Your task — From the first line of the listing, copy each line exactly until you have included the line with "Платье для девочки"; leave out the pictures.

Dataset extract —
*** Block opens ***

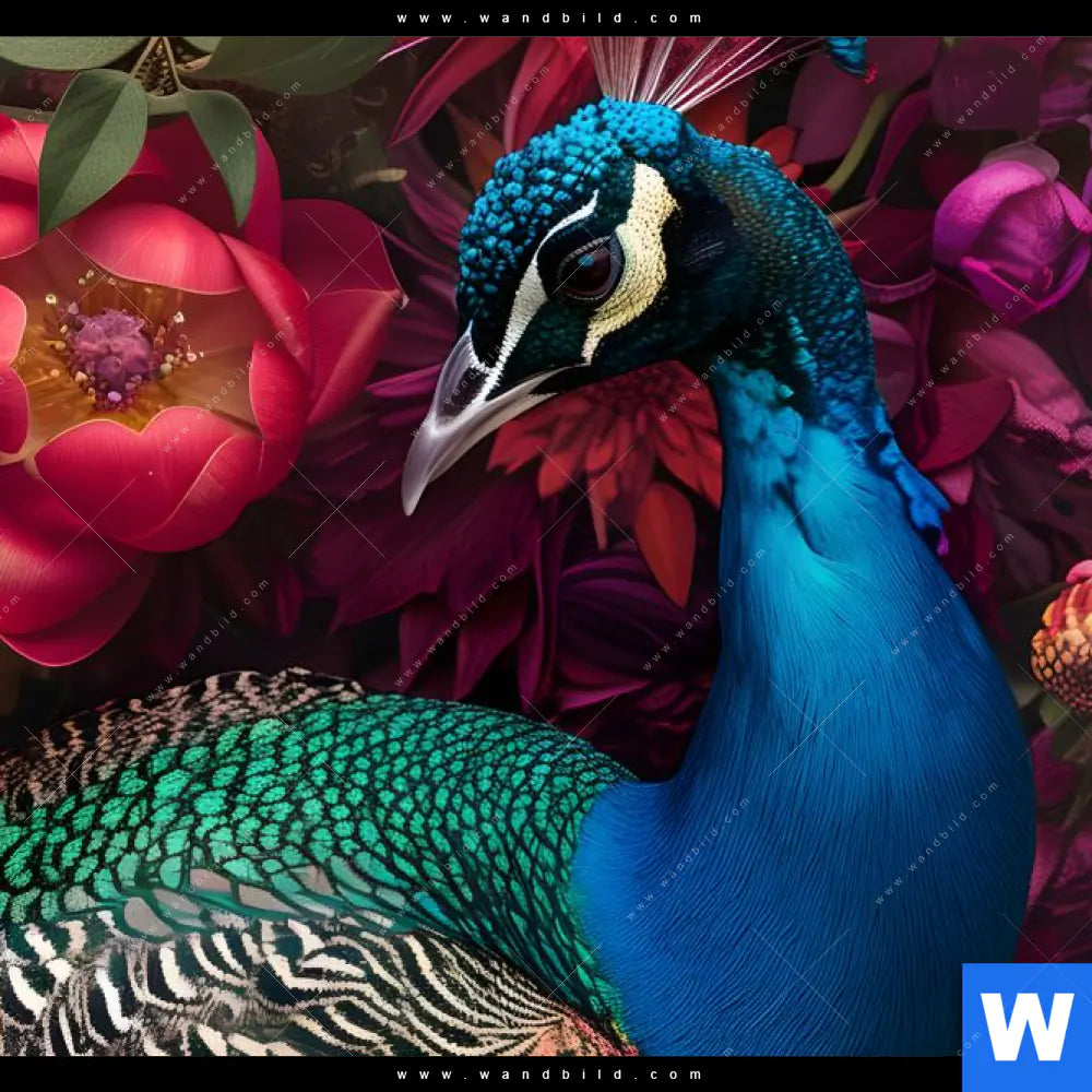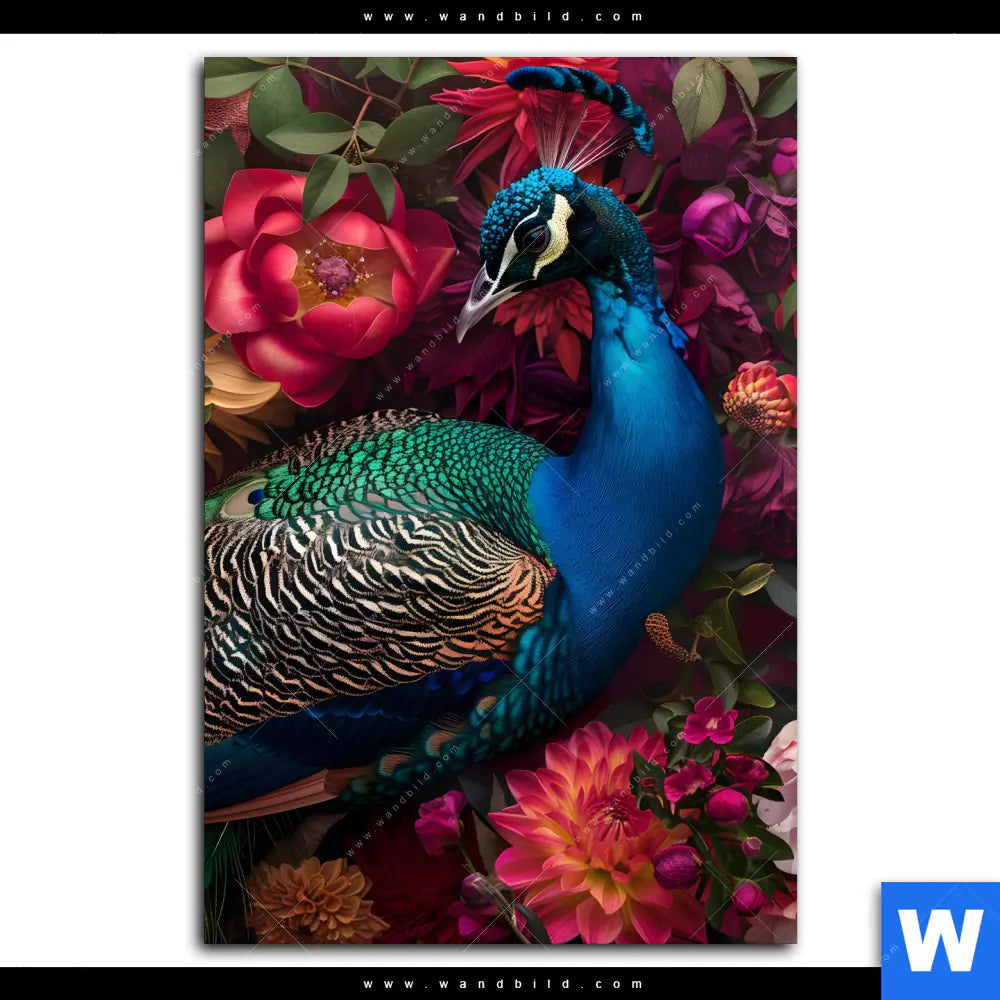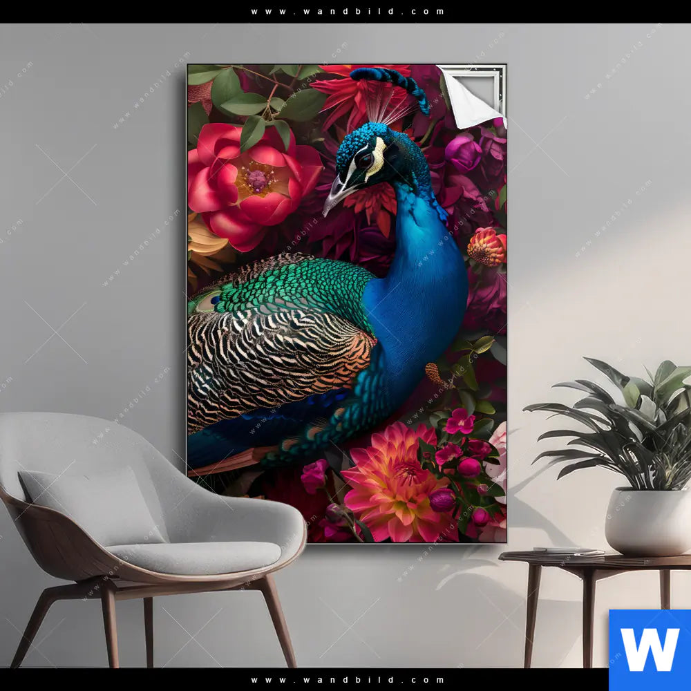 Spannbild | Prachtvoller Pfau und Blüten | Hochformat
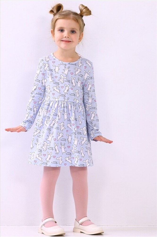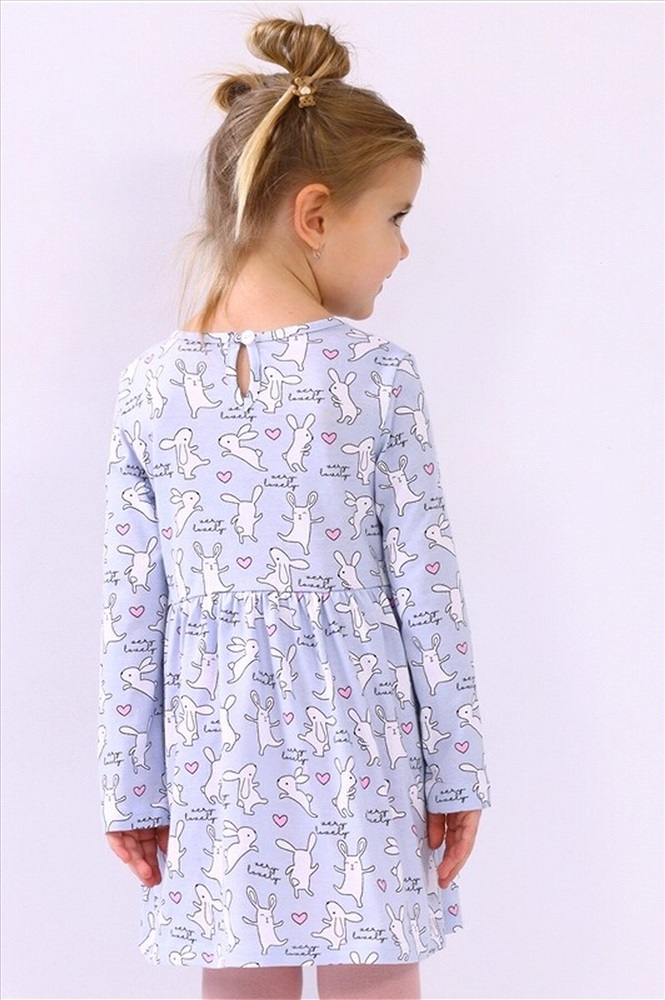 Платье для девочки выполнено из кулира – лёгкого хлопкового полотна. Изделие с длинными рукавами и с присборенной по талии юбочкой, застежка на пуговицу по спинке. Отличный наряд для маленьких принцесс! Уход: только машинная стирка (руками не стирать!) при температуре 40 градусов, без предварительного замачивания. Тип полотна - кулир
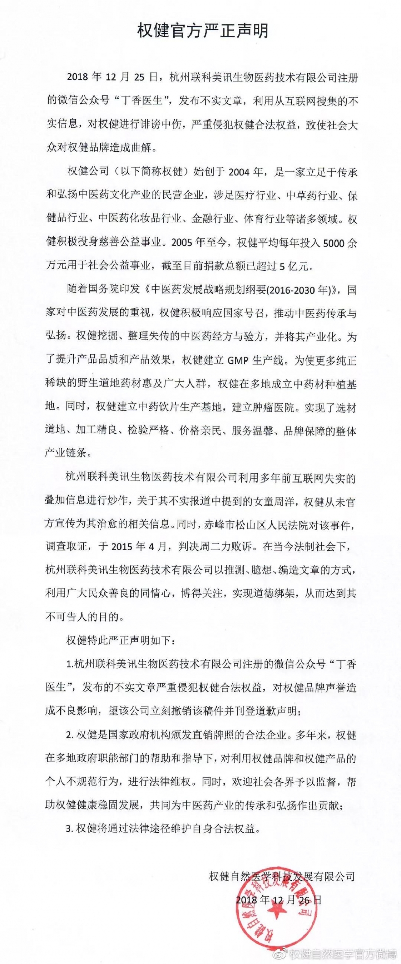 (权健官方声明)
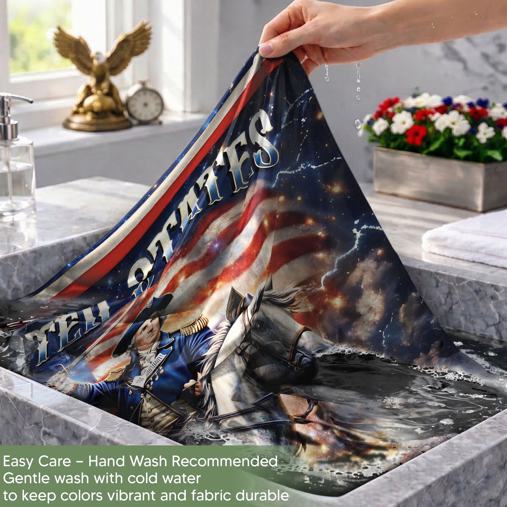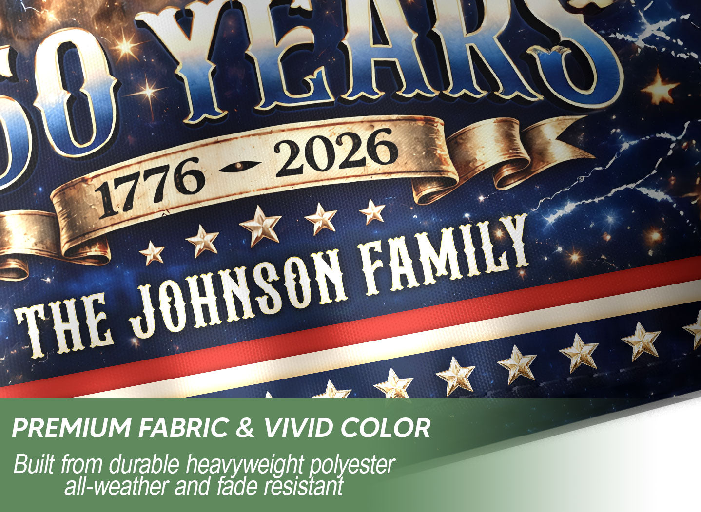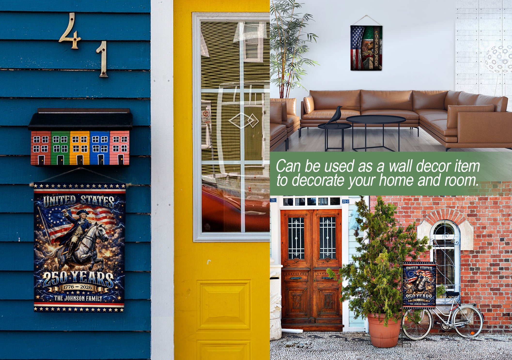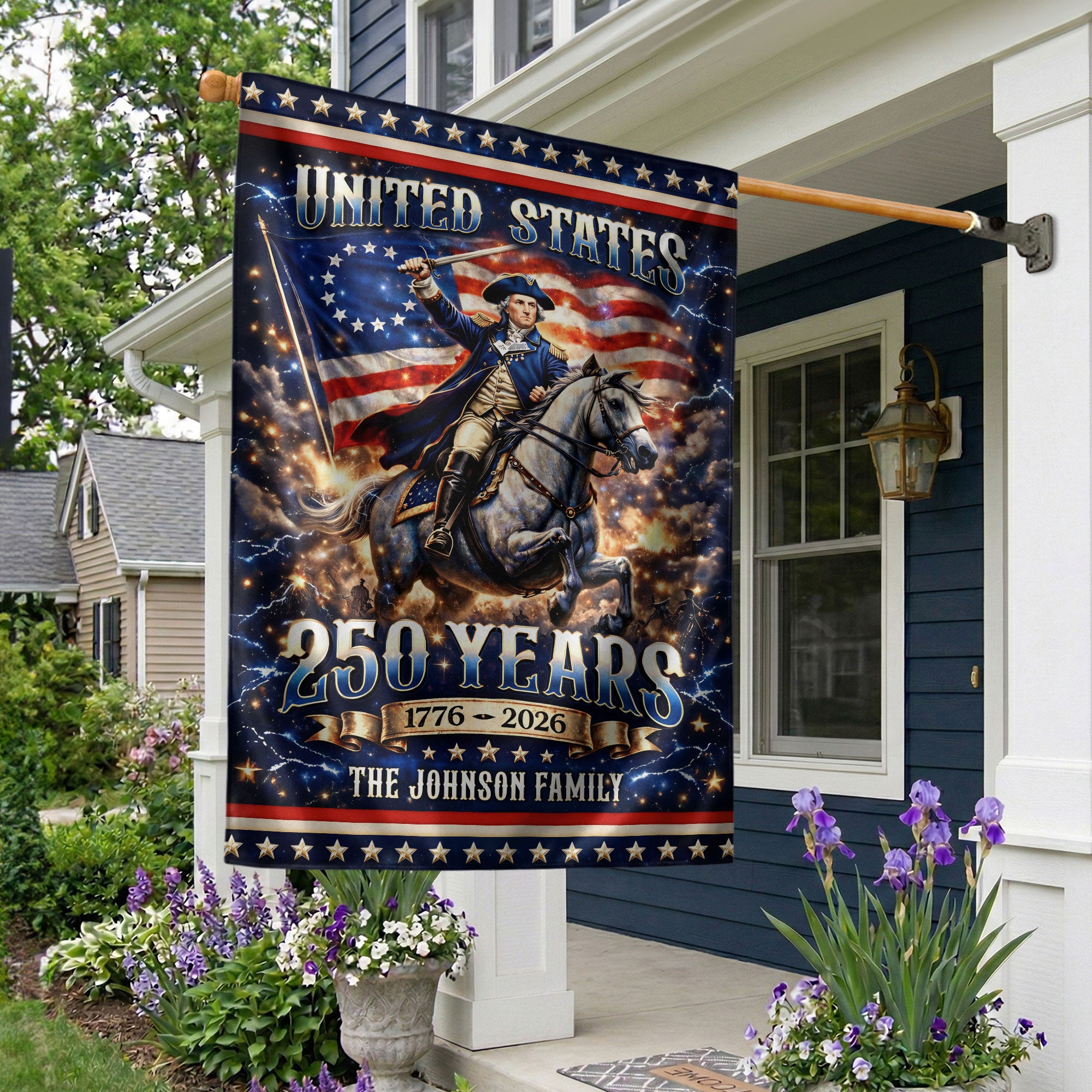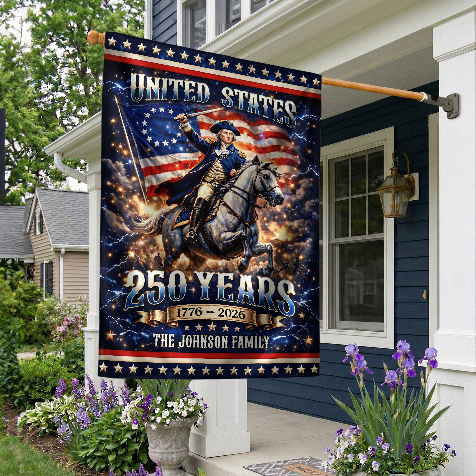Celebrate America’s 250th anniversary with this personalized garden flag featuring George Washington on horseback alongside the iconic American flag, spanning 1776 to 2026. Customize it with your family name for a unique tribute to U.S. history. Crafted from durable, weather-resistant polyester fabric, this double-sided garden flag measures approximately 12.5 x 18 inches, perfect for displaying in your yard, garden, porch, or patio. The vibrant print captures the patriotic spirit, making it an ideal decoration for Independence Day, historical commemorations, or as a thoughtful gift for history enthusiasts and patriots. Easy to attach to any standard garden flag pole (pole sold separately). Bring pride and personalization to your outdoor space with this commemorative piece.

*** Block closes ***

Your solution —
 Spannbild | Prachtvoller Pfau und Blüten | Hochformat
 Платье для девочки выполнено из кулира – лёгкого хлопкового полотна. Изделие с длинными рукавами и с присборенной по талии юбочкой, застежка на пуговицу по спинке. Отличный наряд для маленьких принцесс! Уход: только машинная стирка (руками не стирать!) при температуре 40 градусов, без предварительного замачивания. Тип полотна - кулир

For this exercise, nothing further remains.